Write a workflow for the functions described below:
- Input FastQ/BAM file
- Use BWA MEM to re-align to hg38
- Output CRAM file
When creating this workflow, please consider:
- Efficiency in both space and time
- Edge cases and error handling
- Tests
We prefer common-workflow-language (CWL); however you can also use nextflow, snakemake, WDL, shell or any other scripts, and please explain why.
This section consists of short exercises in analysis of a relational health-related database in SQLite, downloadable from here: https://www.dropbox.com/s/mgu1s93kpjsoyhh/openmrs.db?dl=0
This database is a processed version of the public data set for a specific instance of a query tool. The original open MRS data model can be found here: https://wiki.openmrs.org/display/docs/Data+Model. The solutions should be done on the data in SQLite database provided. You can convert it to a database flavor of your choice, and again, explain your choice.
Key tables include:
- patient
- encounter
- encounter_diagnosis
- diagnosis
Please provide both the data result as well as any code that was run to obtain the result.

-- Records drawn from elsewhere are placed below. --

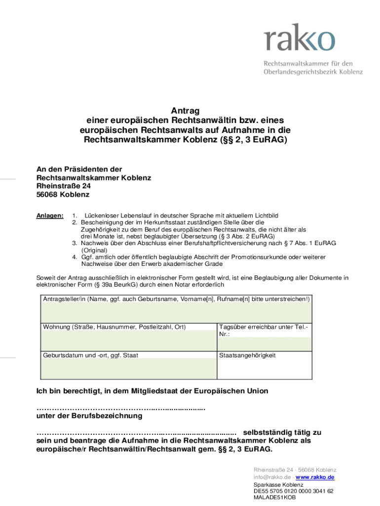 Rechtsanwaltskammer Koblenz (2, 3 Eu RAG)An den President her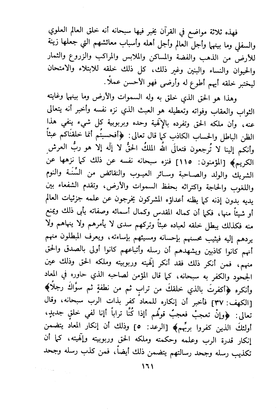 وهذا هو الحق الذى خلق به وله السموات والارض وما بينهما وغايته الثواب والعقاب وفواته وتعطيله هو العبث الذى نزه نفسه عنه وأخبر أنه يتعالى عنه وأن ملكه الحق وتفرده بالالهية وحده وبربوبية كل شئ ينفى هذا الظن الباطل والحساب الكاذب كما قال تعالى {أَفَحَسِبْتُمْ أَنَّمَا خَلَقْنَاكُمْ عَبَثاً وَأَنَّكُمْ إِلَيْنَا لا تُرْجَعُونَ فَتَعَالَى اللَّهُ الْمَلِكُ الْحَقُّ لا إِلَهَ إِلَّا هُوَ رَبُّ الْعَرْشِ الْكَرِيمِ} فنزه سبحانه نفسه عن ذلك كما نزهها عن الشريك والولد والصاحبة وسائر العيوب والنقائص من السنة والنوم واللغوب والحاجة واكتراثه بحفظ السموات والارض وتقدم الشفعاء بين يديه بدون اذنه كما يظنه أعداؤه المشركون يخرجون عن علمه جزئيات العالم أو شيئا منها فكما أن كماله المقدس وكمال أسمائه وصفاته يأبى ذلك ويمنع منه فكذلك يبطل خلقه لعباده عبثا وتركهم سدى لا يأمرهم ولا ينهاهم ولا يردهم اليه فيثيب محسنهم بإحسانه ومسيئهم باساءته ويعرف المبطلون منهم انهم كانوا كاذبين ويشهدهم أن رسله وأتباعهم كانوا اولى بالصدق والحق منهم فمن أنكر ذلك فقد انكر إلهيته وربوبيته وملكه الحق وذلك عين الجحود والكفر به سبحانه كما قال المؤمن لصاحبه الذى حاوره فى المعاد وأنكره {أَكَفَرْتَ بِالَّذِي خَلَقَكَ مِنْ تُرَابٍ ثُمَّ مِنْ نُطْفَةٍ ثُمَّ سَوَّاكَ رَجُلاً} فأخبر أن انكاره للمعاد كفر بذات الرب سبحانه وقال تعالى وان تعجب فعجب قولهم أإذا كنا ترابا إنا لفى خلق جديد أولئك الذين كفروا بربهم وذلك أن انكار المعادى يتضمن انكار قدرة الرب وعلمه وحكمته وملكه الحق وربوبيته والهيته كما أن تكذيب رسله وجحد رسالتهم يتضمن ذلك ايضا فمن كذب رسله وجحد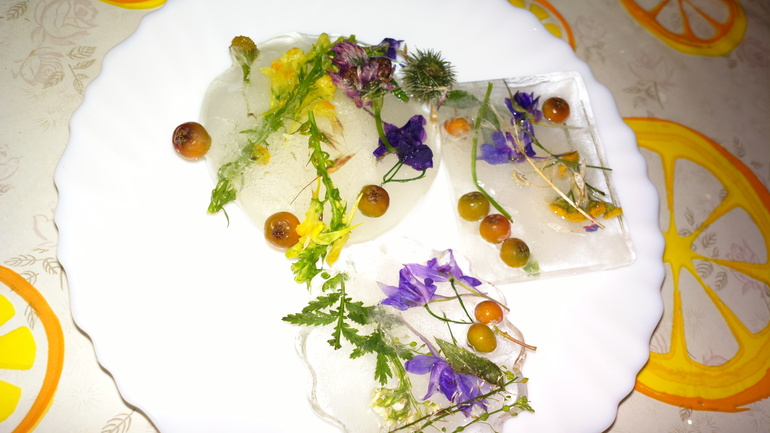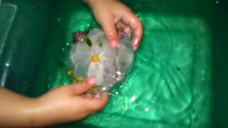 А ещё понравилось сыну погружать саму емкость со льдом в воду, в которой мы замораживали ягоды и цветы. При этом слышно интересное потрескивание, которое очень завораживает малыша."Волсыбство!"-как сказал сынок.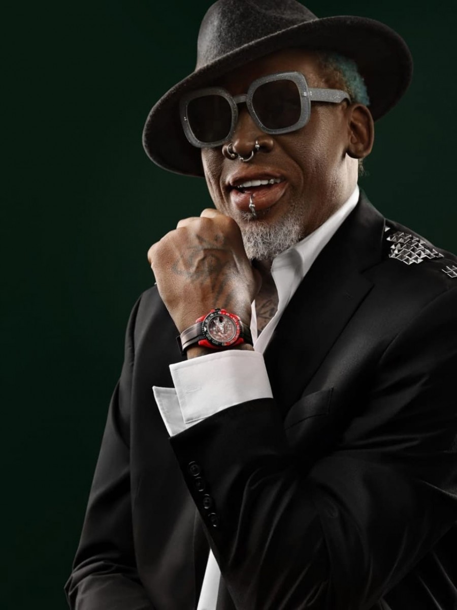 ▲罗德曼戴着属于自己的GMT-Master II,让人想起他当年协助公牛队建立的三连霸王朝。Source:SKELETON CONCEPT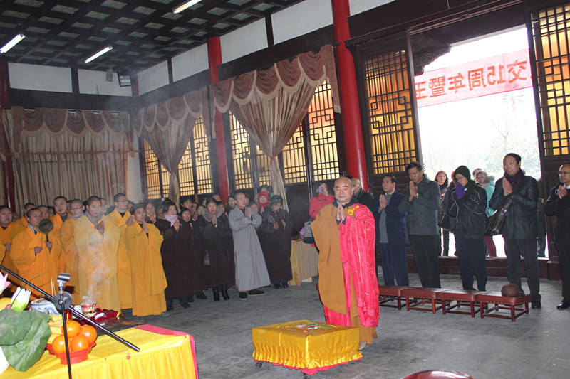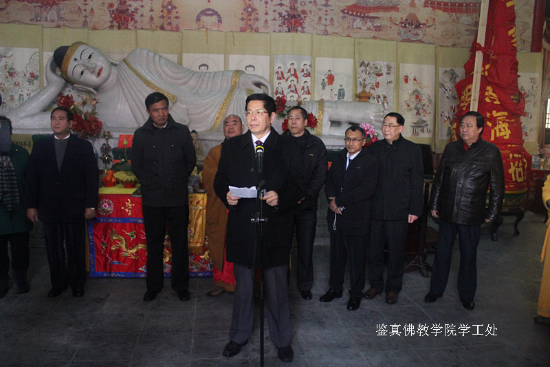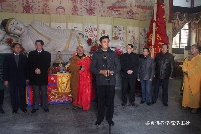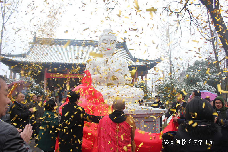 20121226日上午10:00,佛光普照,瑞雪飘飘。我院学僧、大明寺常住僧众、居士信众、扬州市政府领导、各界嘉宾与缅甸仰光市政府领导在大明寺卧佛殿前隆重举行玉佛开光法会。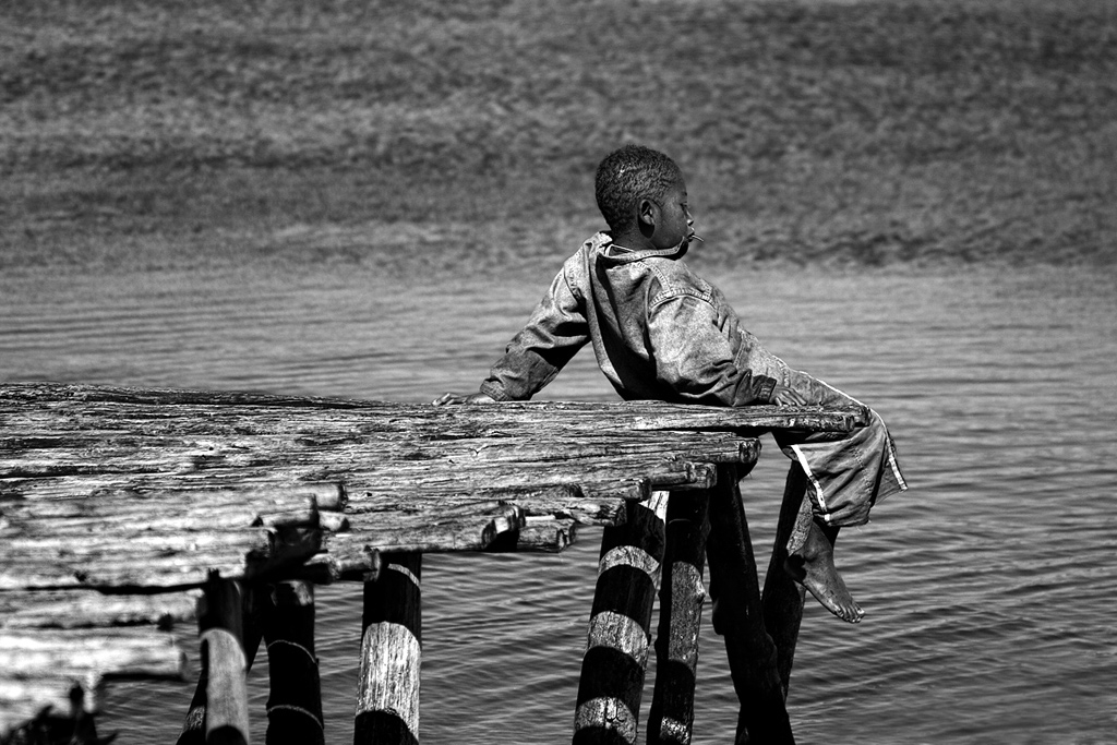 L'acqua, il molo in legno e il ragazzo hanno tutti la stessa densità media di grigio.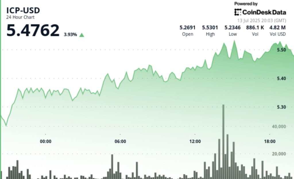 At the time of writing, ICP is trading at around $5.48, up 4% in the past 24-hour period, according to CoinDesk Research’s technical analysis model.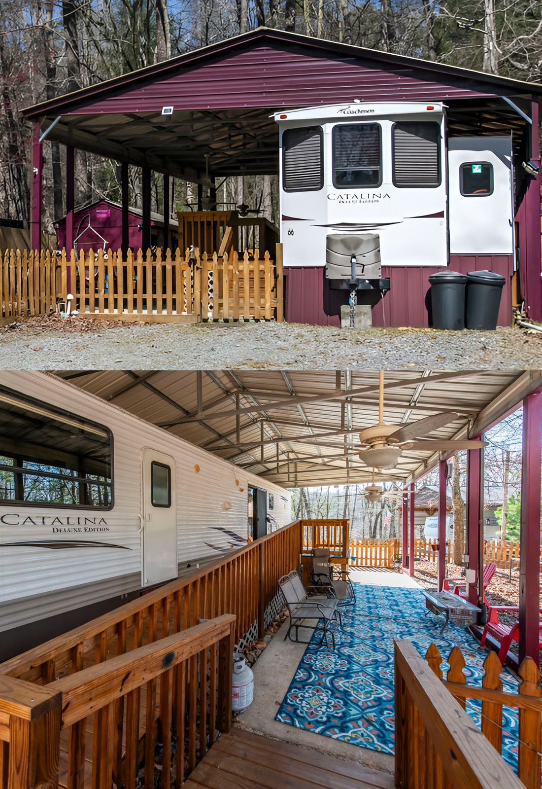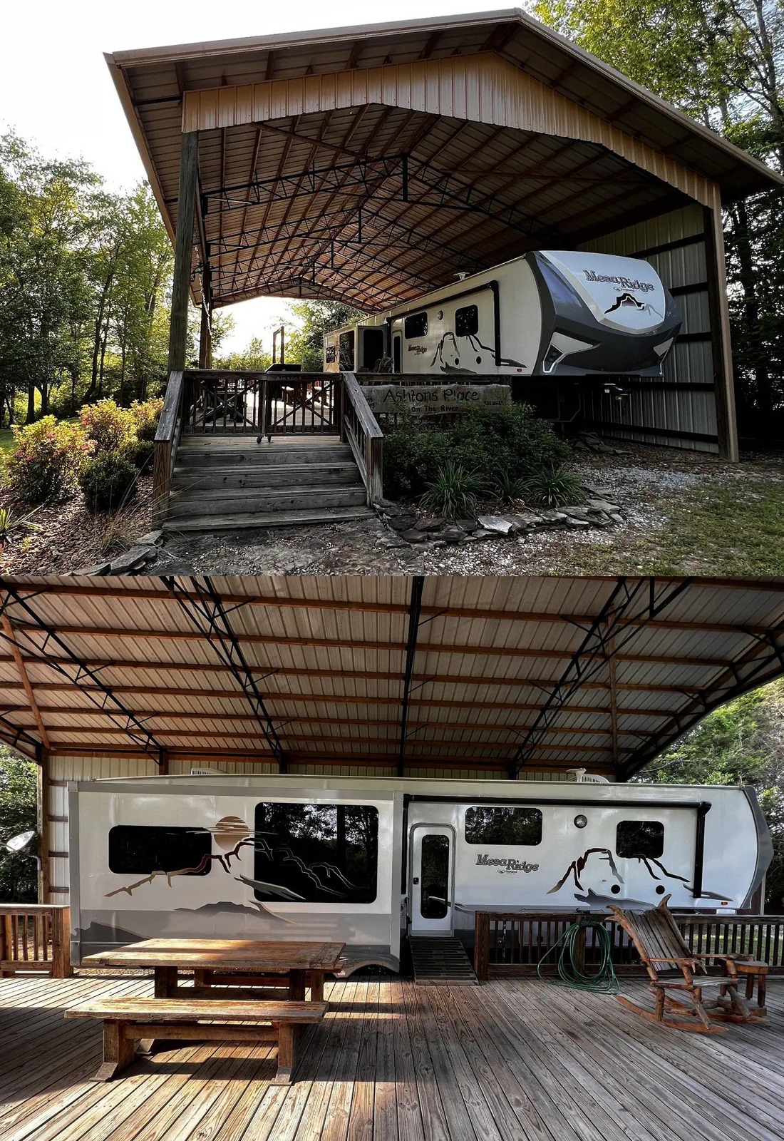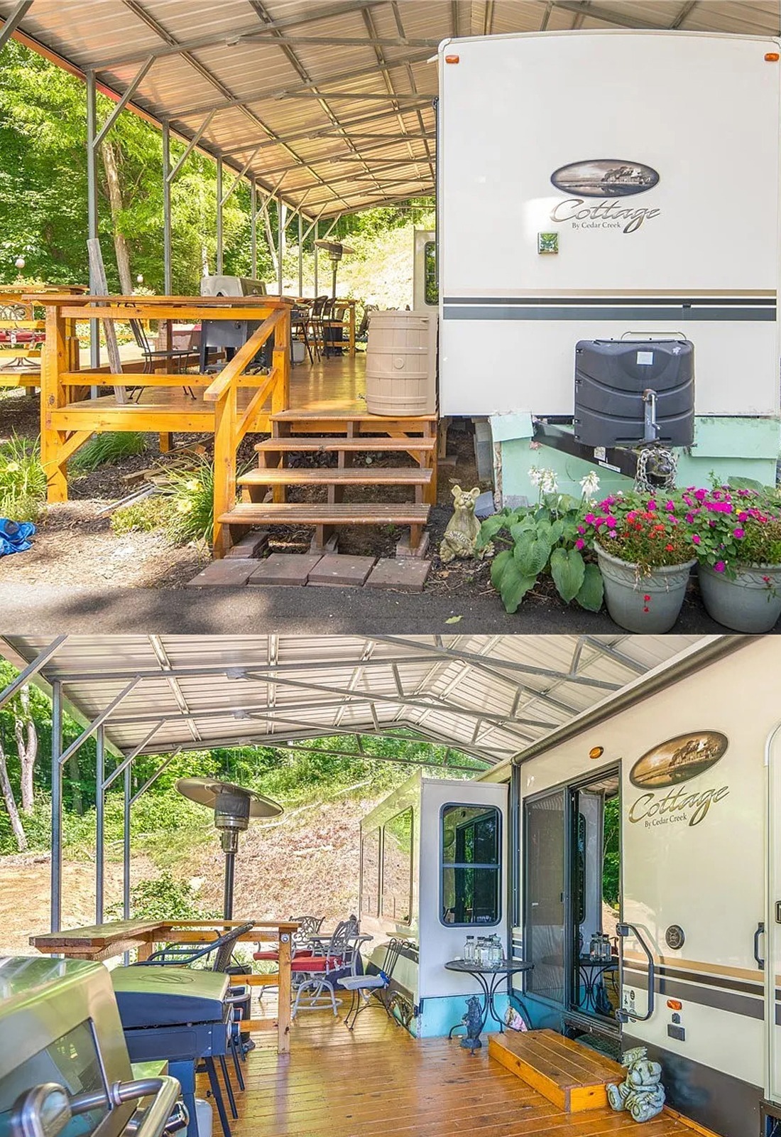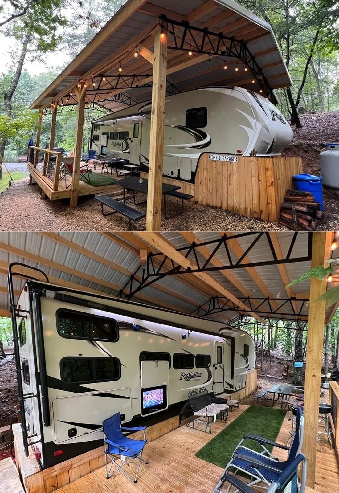 This setup feels the most like a tiny backyard retreat. The ferns, planters, and hanging baskets make the whole deck feel lush and personal. Instead of looking like a plain shelter for an RV, it feels like a garden room with a fifth wheel tucked inside. That is what makes it memorable.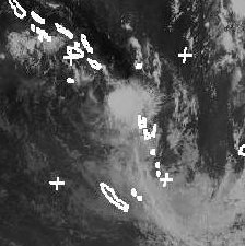 Westlich von Vanuatu liegt der Zyklon 'Yani' mit einer mittleren Windgeschwindigkeit von nur noch 55km/h und Böen bis 75 km/h. Damit hat er sich deutlich abgeschwächt. Er wird sich nun voraussichtlich auflösen. (Bildquelle: NERC Satellite Receiving Station, Dundee University, Scotland, http://www.sat.dundee.ac.uk/)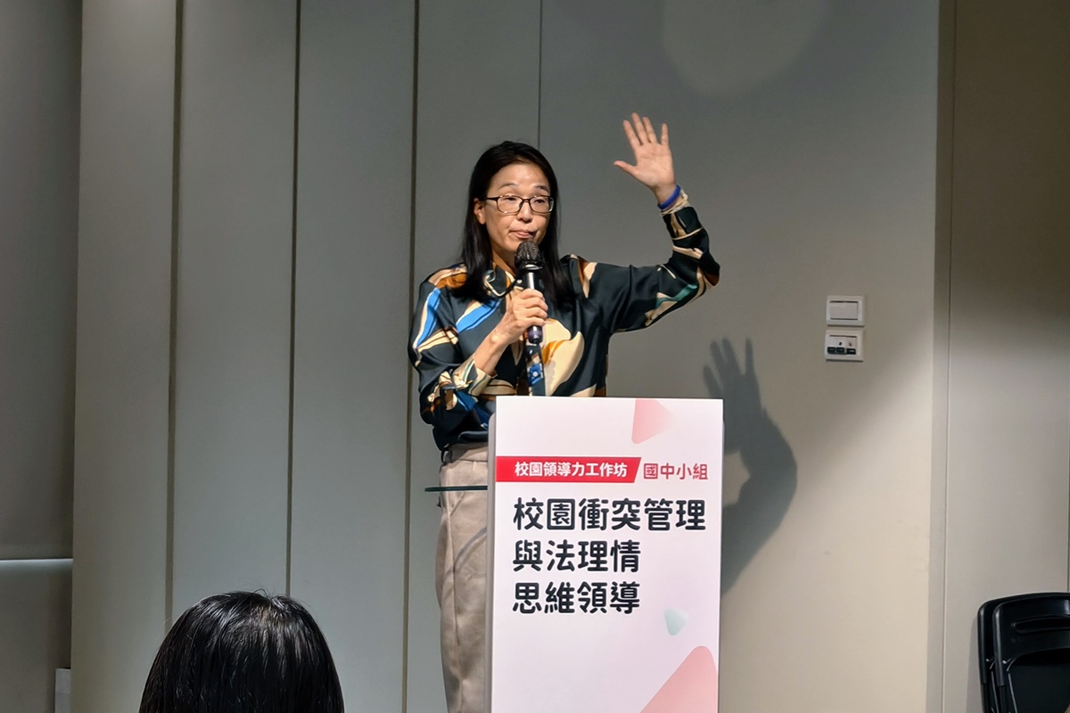 少年調查官吉靜如在校園領導力工作坊提醒,老師需要具備「法意識」,管教需要經得起合法檢視。(攝影/蘇岱崙)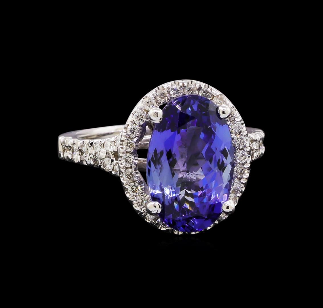One electronically tested 14KT white gold lady's cast fashion ring with a split shank halo with a bright polish finish. Featured lady's ring has a shank measuring 2.10 millimeters in width. Identified with markings of "14K". Condition is new, good workmanship. Containing: One prong set oval modified brilliant cut natural tanzanite, measuring 12.81 x 8.27 x 5.44mm, (depth est.) approximate weight of 4.48ct., clarity is eye clean, medium, very slightly grayish, violetish blue color, (GIA vB 5/3), cut is very good. Transmitting light with no distortion, transparent. Colored gemstones are presumed to have been subjected to commonly used enhancement processes. Graded in the setting. Six prong set round brilliant cut diamonds, measuring 1.50 - 1.40 x 0.91mm (depth est.) approximate total weight of 6 Stones = 0.08ct. Graded in the setting. Clarity: SI-1 to SI-2. Color: G - Good Thirty-Eight prong set round brilliant cut diamonds, measuring 1.40 - 1.30 x 0.81mm (depth est.) approximate total weight of 38 Stones = 0.33ct. Graded in the setting. Clarity: SI-1 to I-1. Color: G - Good. Total Weight of Colored Stones 4.48ct. Total Weight of Diamonds 0.41ct. Total Weight of Ring 5.30gm. GAS Appraised at $8,900.00.
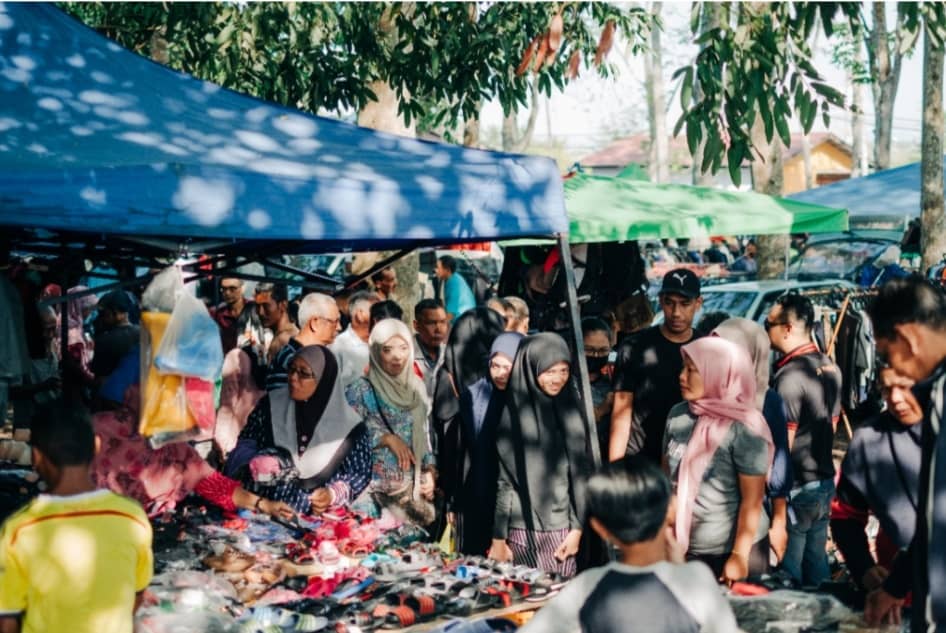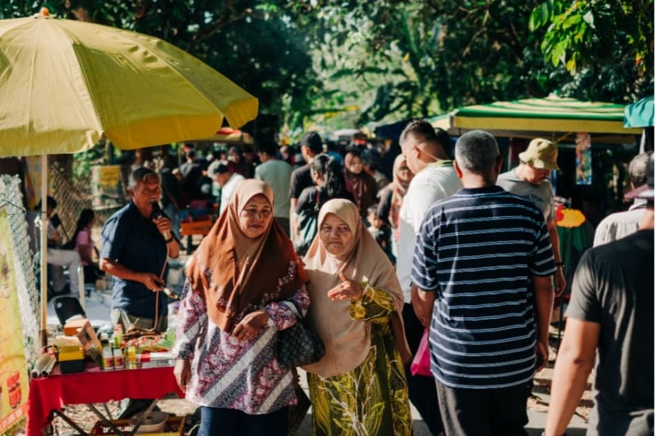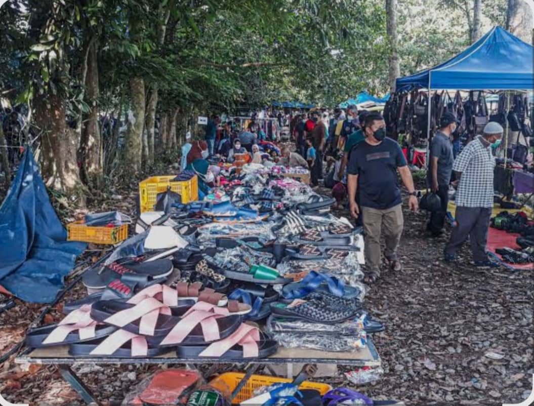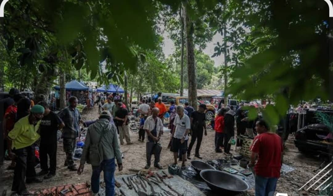 Orang ramai berpusu memenuhi 'Nat Pokok Getah', pasar pagi dalam kebun getah di Arau, Perlis.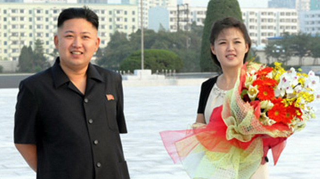 Lănh đạo CHDCND Triều Tiên Kim Jong Un và vợ thăm tượng đài cố lănh đạo Kim Nhật Thành và Kim Jong Il ngày 30-8- Ảnh: KCNA

Provide a list of male patients in the database and the counts of patients by gender.
Make a data visualization summary for each of the patient diagnosis, gender, and age.
Let's look at the Ashkenazi Jewish family trio in GIAB (https://www.nist.gov/programs-projects/genome-bottle), and you should be able to find relevant files for download there. You are encouraged to write a workflow as much as possible for automation.
-
Download the latest variant calling files (vcf) in hg38
-
Combine three vcfs into one family joint/multi-sample vcf (which tool are you going to use?)
-
Annotate this multi-sample vcf using Annovar (https://annovar.openbioinformatics.org/en/latest/) with these databases:
refGene
,gnomad211_exome
,clinvar_20210501
-
Filter the annotated vcf, retaining variants that are
a. (with MAF < 0.0001 in) or (absent from) gnomAD exome 2.1.1 and
b. annotated to be (splicing or exonic nonsynonymous/stopgain by
refGene
) or (pathogenic or likely pathogenic byclinvar_20210501
) -
Restrict the filtered vcf according to the following criteria (a separate result vcf for each of them)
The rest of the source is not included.